3.7. The contractual relationship between the Seller and the Buyer arises upon delivery of the acceptance of the Order (acceptance), which is sent by the Seller to the Buyer by e-mail to the Buyer’s Electronic Address.

3.8. The Buyer agrees to the use of distance communication means when concluding the Purchase Agreement. Costs incurred by the Buyer when using distance communication means in connection with the conclusion of the Purchase Agreement (internet connection costs, telephone call costs) shall be borne by the Buyer themselves, and such costs do not differ from the basic rate.
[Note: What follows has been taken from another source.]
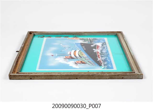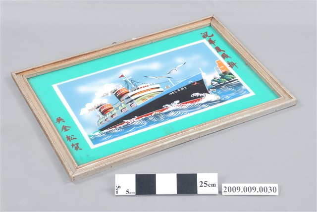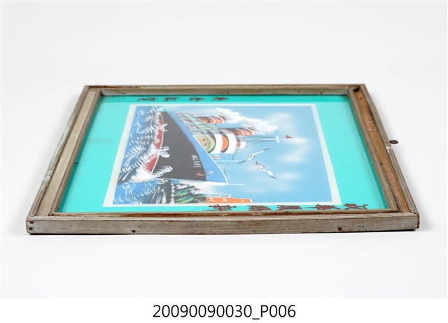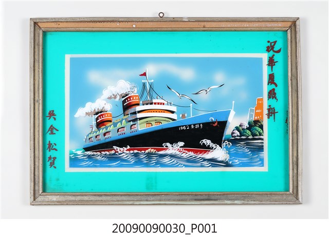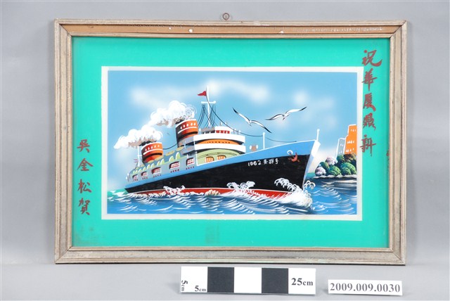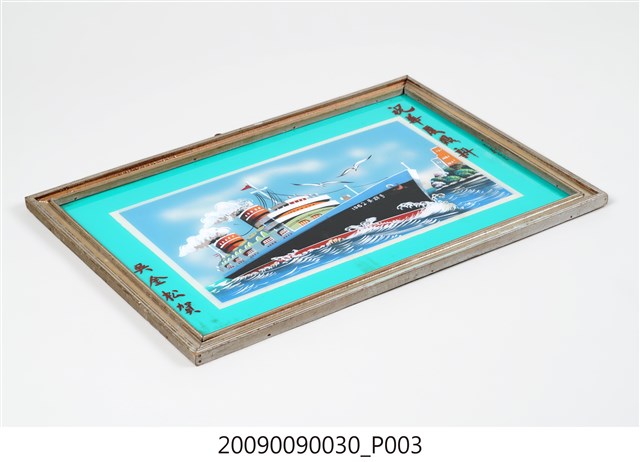 1.本藏品為帶框玻璃畫一幅,繪畫主題為輪船,整體為水平佈局,下部為藍白波光的水面,上部則為蔚藍的天空,船體由左向右斜陳畫面中央,船首朝右,船身下為紅色水線,主體為黑色,上端與船樓則以白色為主。船樓上有兩個冒著白煙的煙囪,煙囪前後各有一桅杆,前方桅杆上掛一三角紅旗,船首以白字寫有1962○○号(字跡不明)。船首上方繪有兩隻翻飛的海鷗,右端則畫有水岸樹木與簡化的樓房。

PRICE OF GOODS AND PAYMENT TERMS

4.1. The price of the goods and any costs associated with delivery of the goods under the Purchase Agreement may be paid by the Buyer to the Seller in the following ways:

  • in cash or by payment card on cash on delivery at the place designated by the Buyer in the Order;

  • cashless by transfer to the Seller’s account IBAN: CZ24 2010 0000 0029 0219 1642, maintained with Fio banka, a.s. (hereinafter referred to as the “Seller’s Account”);

  • cashless by transfer through the online payment gateway Global Payments s.r.o.;

  • cashless by payment card through the online payment gateway Global Payments s.r.o.;

4.2. Together with the purchase price, the Buyer is obliged to pay the Seller also the costs associated with packaging and delivery of goods in the agreed amount. Unless explicitly stated otherwise, the purchase price shall also include the costs associated with delivery of goods.

4.3. The Seller does not require an advance payment or other similar payment from the Buyer. This does not affect the provision of Article 4.6 of the Terms and Conditions regarding the obligation to pay the purchase price of the goods in advance.

4.4. In the case of cash payment or cash on delivery, the purchase price is due upon receipt of the goods. In the case of cashless payment, the purchase price is due within 3 days from the conclusion of the Purchase Agreement.

4.5. In the case of cashless payment, the Buyer is obliged to pay the purchase price together with stating the variable symbol of the payment. In the case of cashless payment, the Buyer’s obligation to pay the purchase price is fulfilled at the moment the relevant amount is credited to the Seller’s Account.

4.6. The Seller is entitled, in particular if the Buyer does not additionally confirm the Order (Article 3.6), to require payment of the full purchase price prior to dispatch of the goods to the Buyer. Section 2119(1) of the Civil Code shall not apply.

4.7. Any discounts from the price of the goods provided by the Seller to the Buyer cannot be combined with each other.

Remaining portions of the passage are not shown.